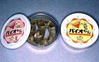 ただ、小型なのが難点であったが、これもさるメーカーが特殊なホルモン操作によって体長も体重もほぼ「本家ブドウ虫」に匹敵させることに成功し、 大々的な生産が行われつつある。また、このホルモン操作は、幼虫がサナギになることも抑制し、エサとして長く使えるとともに、逃げ出したものが増えて養蜂家に迷惑をかけることも防いでいる。 虫を変えるバイオ技術は、実に釣りのエサにまで及んでいる昨今なのである。 朝日新聞夕刊「変わる虫たち」,(1989.4.19) |
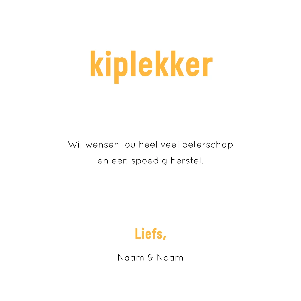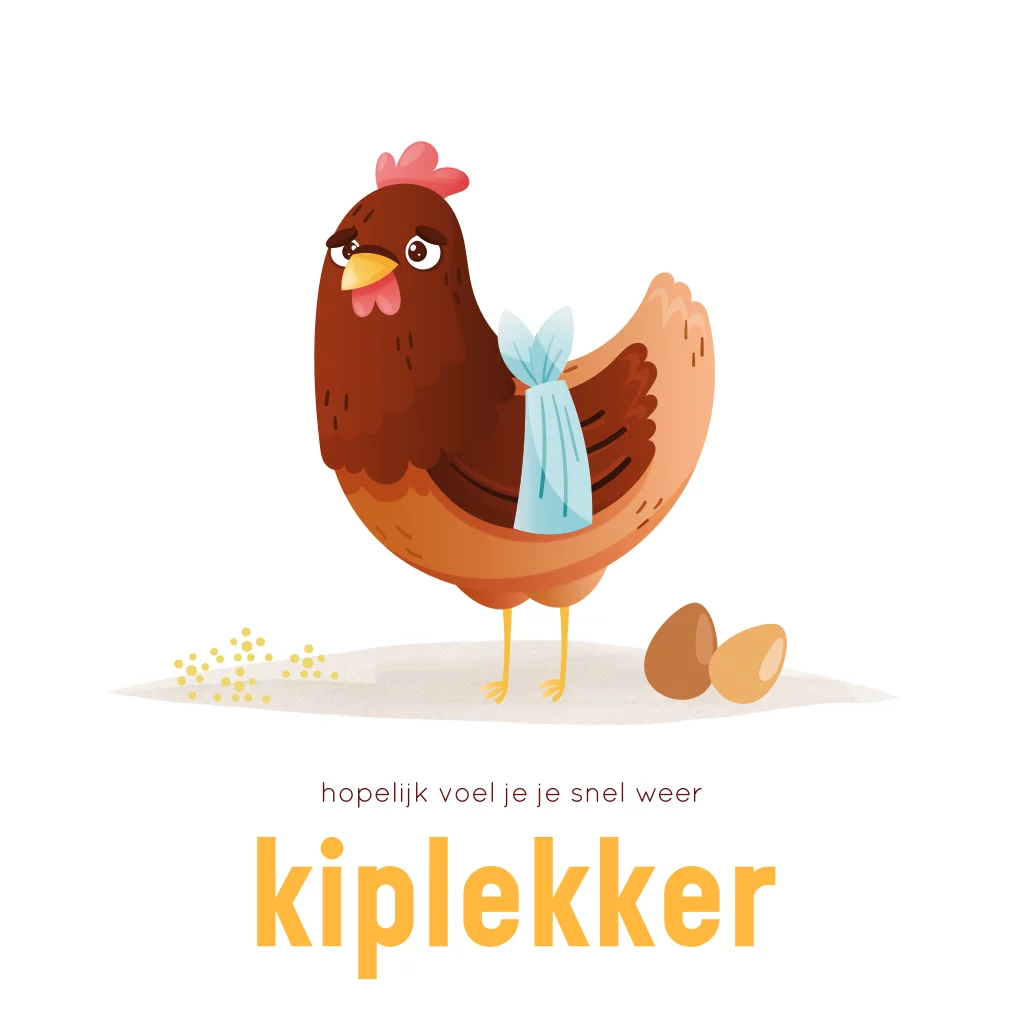 Een beterschapskaart voor een kind die het goed kan gebruiken! Op deze kaart zie je een ziek kippetje met een gebroken vleugel. Op deze kaart staat de tekst 'hopelijk voel je je snel weer kiplekker'. Een opbeurend kaartje voor de ontvanger.
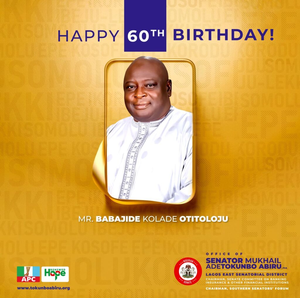 On behalf of the good people of Lagos East Senatorial district, I extend warmest congratulations to an accomplished journalist and a great intellectual, Mr. Babajide Kolade-Otitoju, on the occasion of his 60th birthday.
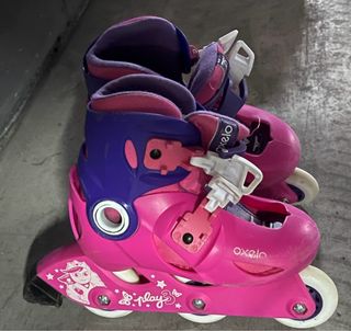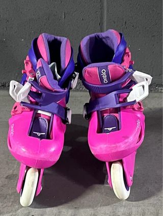Patines en línea Oxelo para niña, talla ajustable. Perfectos para iniciarse en el patinaje. Número 34/36 Tengo 2 pares idénticos - Diseño en color rosa y morado. - Cierre de velcro y hebilla. Patines usados con mínimos roces del uso pero bien conservados. Precio económico 1 par 6€ Los 2 pares 10€
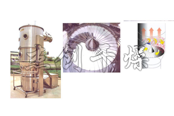 旋流流化床制粒包衣機是將流化床做成葉片式結(jié)構(gòu)的流化床,并使葉片呈一定斜度,讓氣流從葉片的間隙通過,形成環(huán)流狀的強大氣流,使物料呈旋渦狀似的有序運動,同時安裝在側(cè)壁的氣動噴嘴將粘合劑或包衣液噴入呈旋渦狀的物料層,從而將粉體制成顆?;颢@得連續(xù)均勻的衣膜。
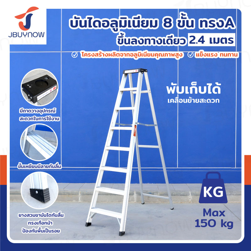 บันได อลูมิเนียม 8 ขั้น 2.4 เมตร ทรงA ขึ้นลงทางเดียว มีที่วางอุปกรณ์ JBUYNOW ARD-24
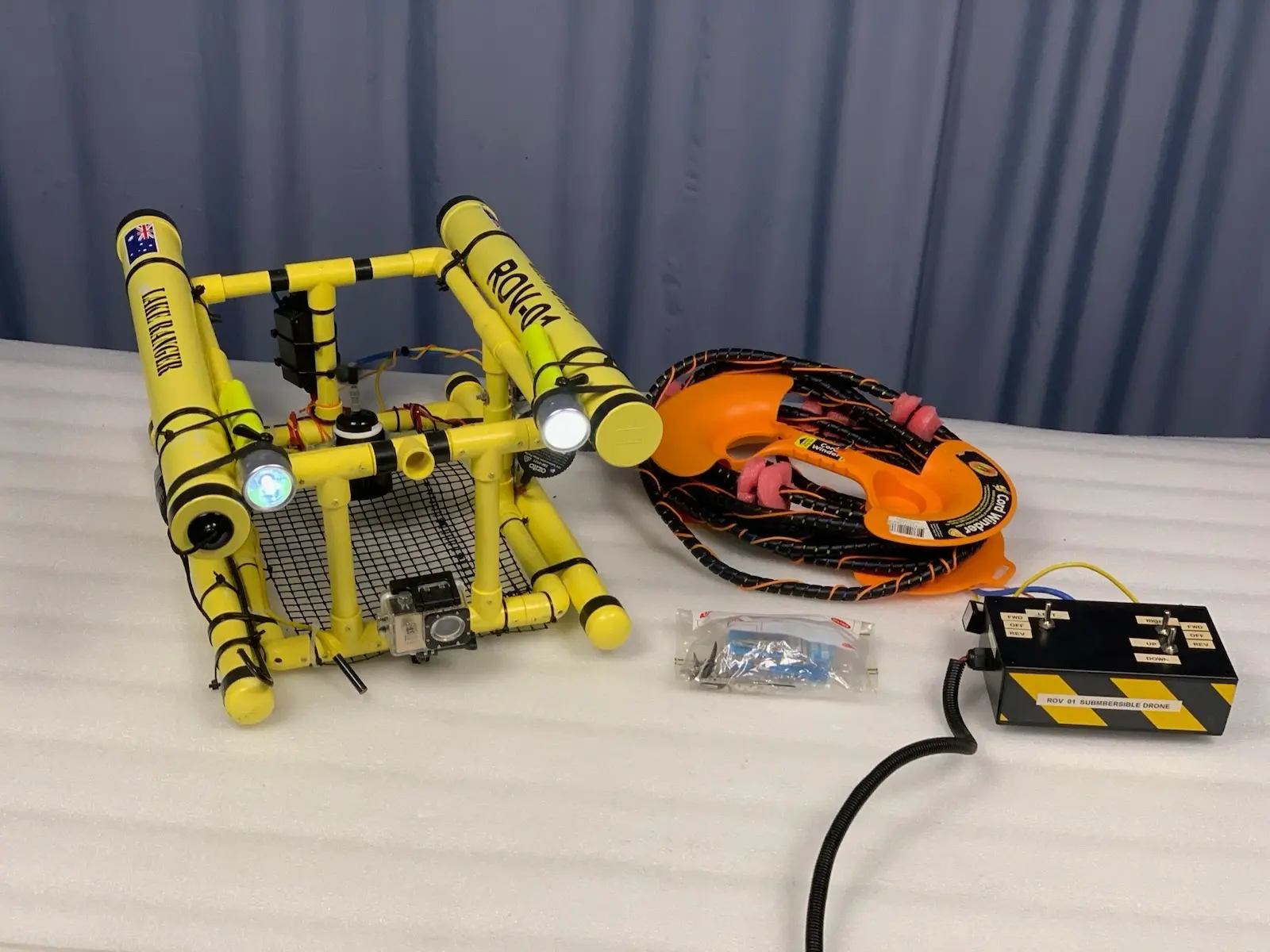 This is a complete, assembled underwater ROV perfect for hobbyists, marine students, or DIY enthusiasts. Built using the proven “Lake Ranger” design, this unit allows you to explore underwater environments, inspect boat hulls, or check fishing spots without getting wet.
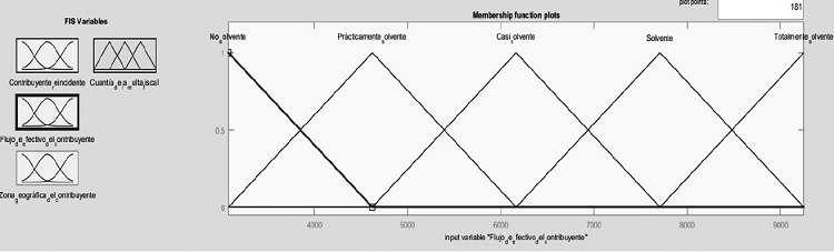 Se delimitarán las variables de salida del sistema, sobre la base de ellas se estructuran las variables de entrada. Es decir, las salidas están vinculadas directamente por el planteamiento de las funciones del mecanismo. Así, la variable de salida del sistema es la "Cuantía de la Multa Fiscal", como resultado de las sanciones de tipo económico, previstas legalmente en el Código Fiscal de la Federación, impuestas a los contribuyentes activos de una infracción fiscal. Por lo que se refiere a las variables de entrada al sistema, se tiene el agravante de "Con tribuyente reincidente" de acuerdo con el mismo ordenamiento legal. Sin embargo, el producto de una multa fiscal deberá ser atenuado, como proposición de este trabajo, por dos variables de entrada. Particularmente, "Flujo de efectivo del contribuyente", como atenuante principal debido a que la Ley del Impuesto Sobre la Renta otorga facilidades a los contribuyentes para pagar los impuestos mediante un procedimiento de flujo de efectivo, dado que se trata de un elemento esencial para la existencia de las empresas porque indica la capacidad para pagar sus deudas, sobre todo las de corto plazo. Además, un indicador que supera la efectividad de otros estados financieros, concreto, el estado de cambios en la situación financiera porque con dicho formato puede ser engañoso. Esto es, una organización consigue no presentar cambios en su efectivo dado que todo el excedente se invirtió en valores realizables. Sin embargo, esa entidad ha mejorado notablemente su situación de flujo de efectivo no obstante de que el saldo de efectivo permanece invariable (Vargas, 2007; Loscalzo, 1992).
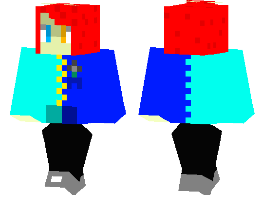 red hair sweatshirt cyan and blue orange and blue eyes
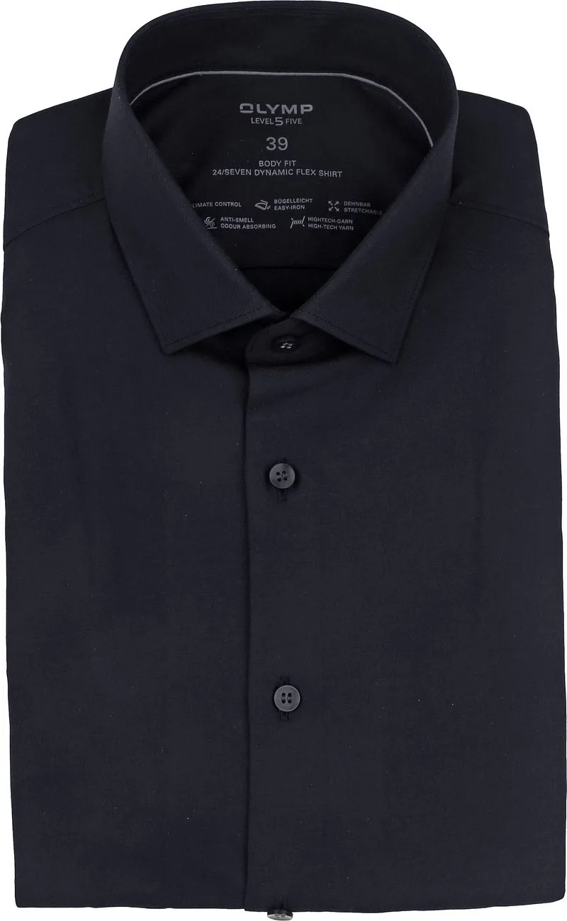 OLYMP Level Five Performance Climate Control Overhemd zwart, Effen
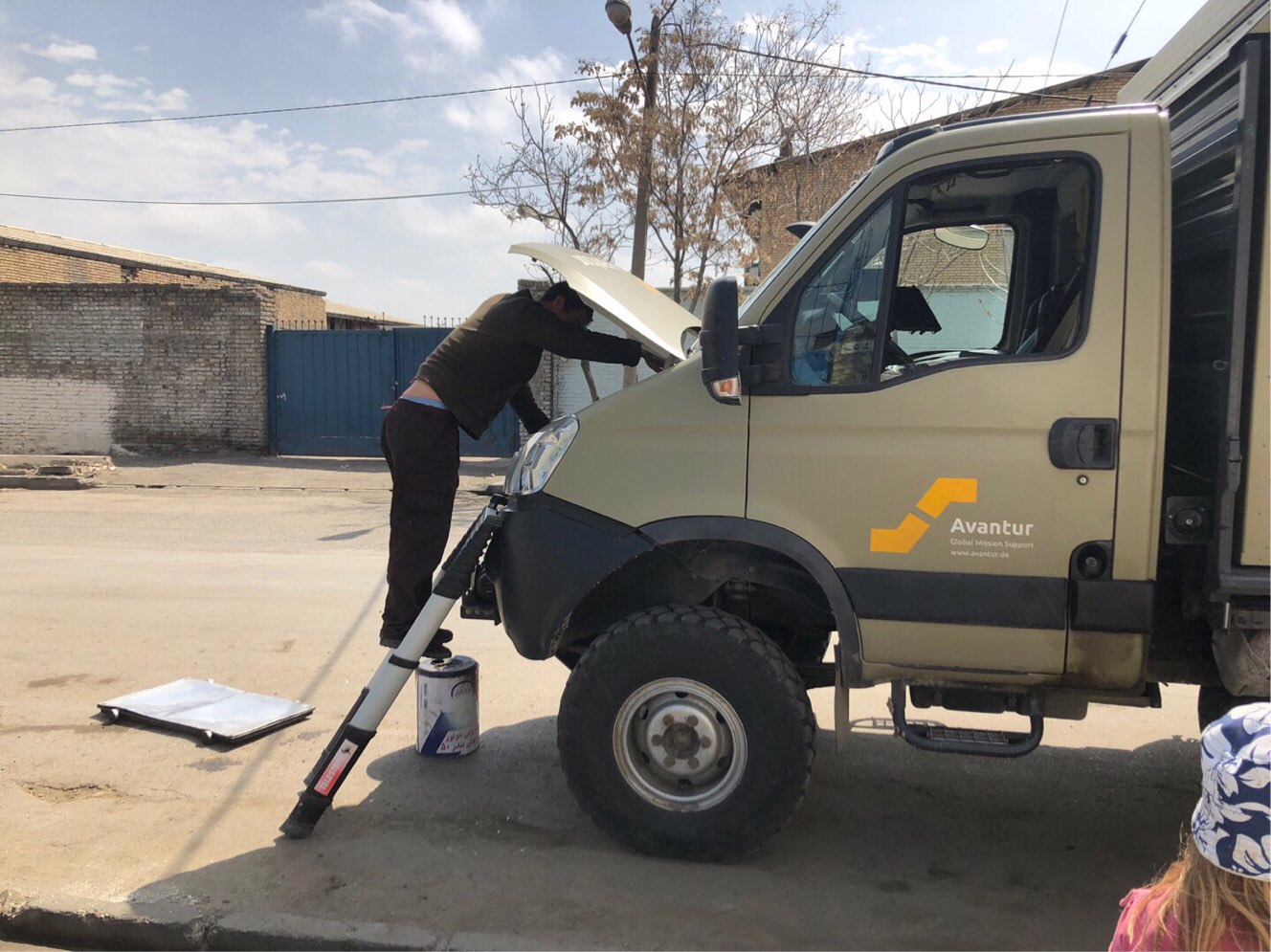 Am nächsten Morgen war an der Iveco-Werkstatt auch nach langem Warten niemand anzutreffen. Dafür baten Mechaniker aus einer benachbarten Werkstatt ihre Hilfe an. Martin hatte einige Ersatz-Filter dabei, die eigentlich nicht das Problem waren, die wir aber trotzdem austauschen ließen.
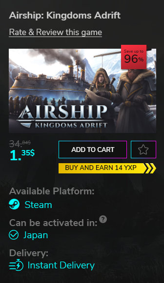 YuplayでAirship: Kingdoms Adriftが96%引きの$1.35
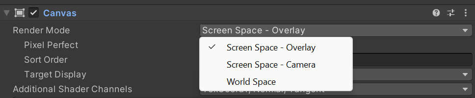 UGUI란? UGUI는 Unity Graphic User Interface 의 약자입니다. 유니티 에디터상에서 UI를 만들어 줄 수 있게 유니티에서 제공해주는 것이며. 기존에는 NGUI라는 유료에셋을 사용하였습니다. Canvas? Canvas는 게임화면에 대응합니다. 게임뷰의 해상도를 1280 x 1024라고 지정을 해놓고 작업을 한다고 생각하면 Canvas에서 RectTransform 에 있는 Width와 Height 가 각각 1280 * 1024로 되어 있습니다. 1:1 비율로 플레이어의 화면에 따라 대응하게 됩니다. Canvas의 Render Mode Screen Space - Overlay : 화면 좌표계에 대응하고 UI들이 스크린상에서만 존재하면서 모든 3D 오브젝드들이 그려진 다음에 마지막 U..
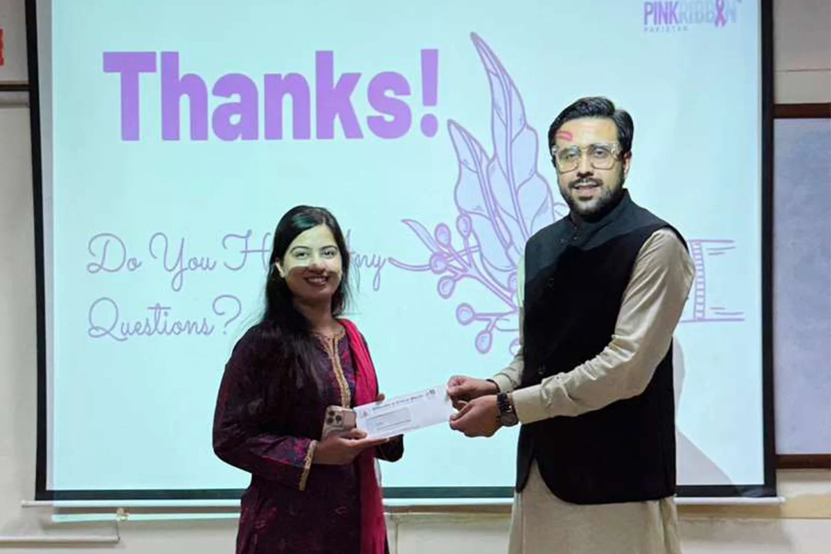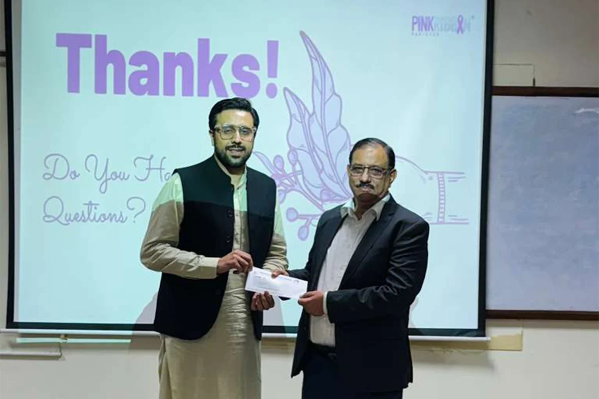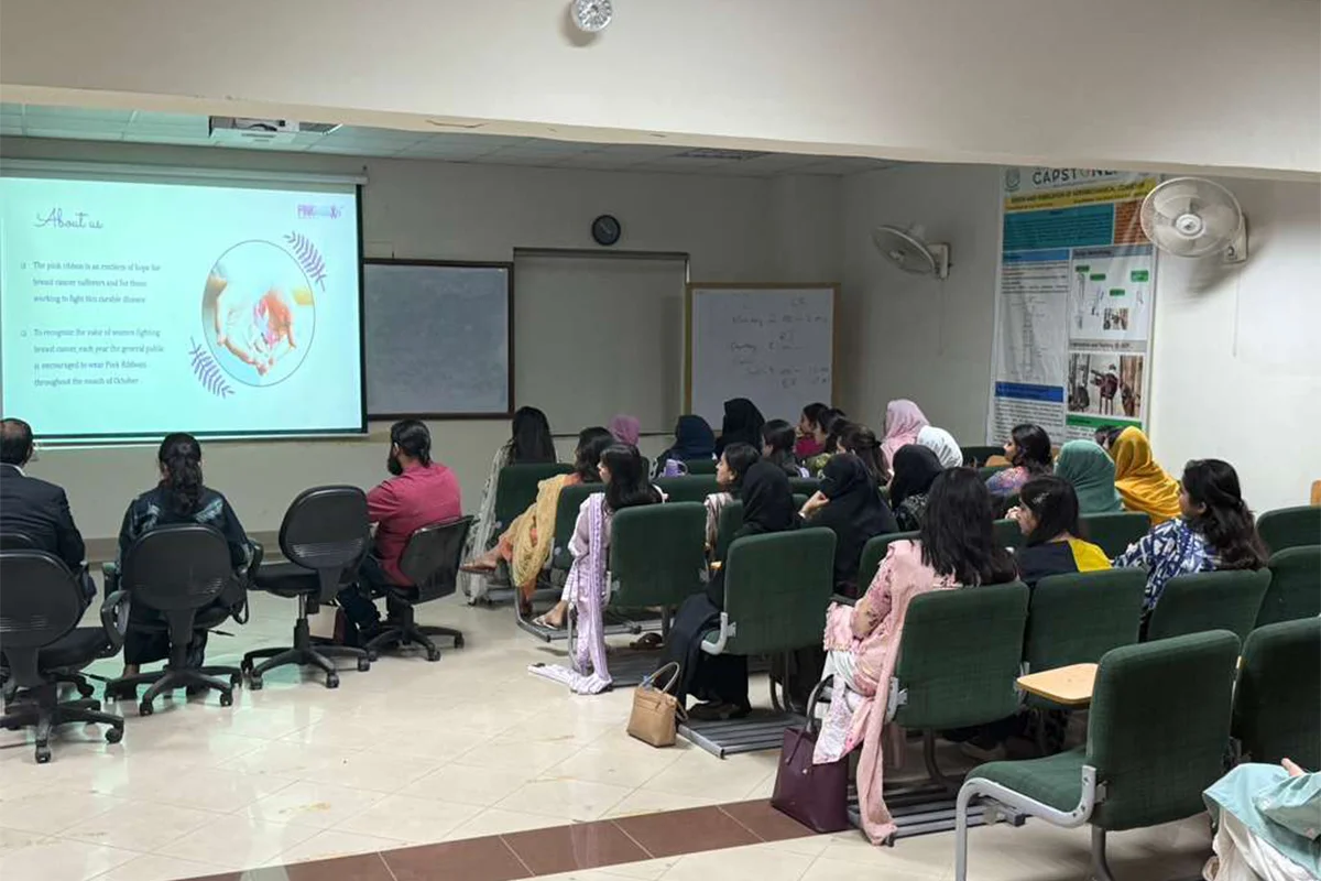 Volunteers in Service (VIS) Department organized an Orientation Session on the Breast Cancer Awareness Drive 2025 in collaboration with Pink Ribbon Pakistan, commemorating Breast Cancer Awareness Month this October. Representatives and doctors from Pink Ribbon conducted an engaging and insightful session, emphasizing the importance of early detection, preventive measures, and community engagement in the fight against breast cancer. The session aimed to equip UCP volunteers with the knowledge and skills to spread awareness in girls’ schools and colleges, fostering education, prevention, and empowerment among young women.
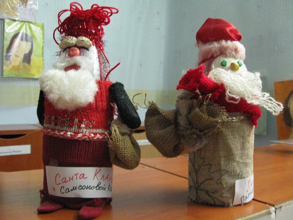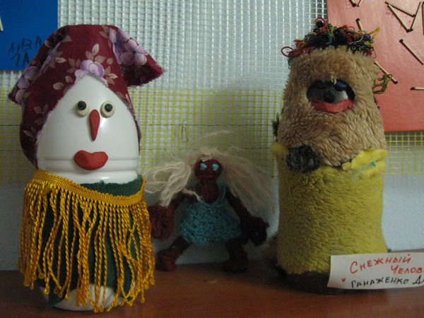 Очень интересным было то, какие образы выбрали дети для своих героев! Тут были Дед Мороз и гномик, Баба Яга и домовичок, снежный человек, невеста, байкер, солдат, врач и т.п. Все куклы получились очень забавными и все могли ними полюбоваться и поиграть! 🙂
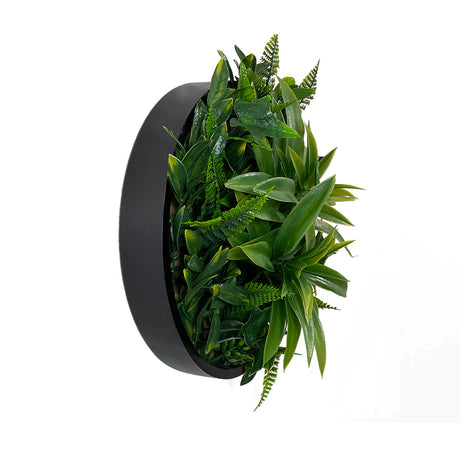 Artificial green foliage wall circular art panel 50 cm black aluminium
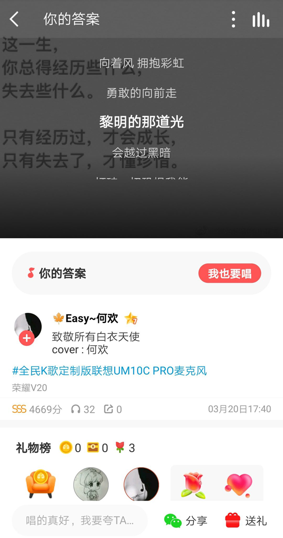 在活动中,参赛者们用全民K歌APP为爱而唱,致敬英雄,共候春天如约而至。其中来自孟昊炎、罗智全、汪明枫同学的原创歌曲以自己的hip-hop风格告诉了我们“黑夜,终究被逾越”,“春天,奏希望颂歌”,希望疫情早日结束,国泰民安。19工管朱嘉豪演唱的《你的答案》唱出一种特别的力量,“勇敢的向前走,黎明的那道光会越过黑暗,打破一切恐惧,我能找到答案”。

....

_Work item_: From the data above, return only the lines starting at the line that holds "YuplayでAirship: Kingdoms Adriftが96%引きの$1.35" and ending at the line that holds "UGUI란? UGUI는 Unity", word for word and without pictures.

_Problem solution_:
 YuplayでAirship: Kingdoms Adriftが96%引きの$1.35
 UGUI란? UGUI는 Unity Graphic User Interface 의 약자입니다. 유니티 에디터상에서 UI를 만들어 줄 수 있게 유니티에서 제공해주는 것이며. 기존에는 NGUI라는 유료에셋을 사용하였습니다. Canvas? Canvas는 게임화면에 대응합니다. 게임뷰의 해상도를 1280 x 1024라고 지정을 해놓고 작업을 한다고 생각하면 Canvas에서 RectTransform 에 있는 Width와 Height 가 각각 1280 * 1024로 되어 있습니다. 1:1 비율로 플레이어의 화면에 따라 대응하게 됩니다. Canvas의 Render Mode Screen Space - Overlay : 화면 좌표계에 대응하고 UI들이 스크린상에서만 존재하면서 모든 3D 오브젝드들이 그려진 다음에 마지막 U..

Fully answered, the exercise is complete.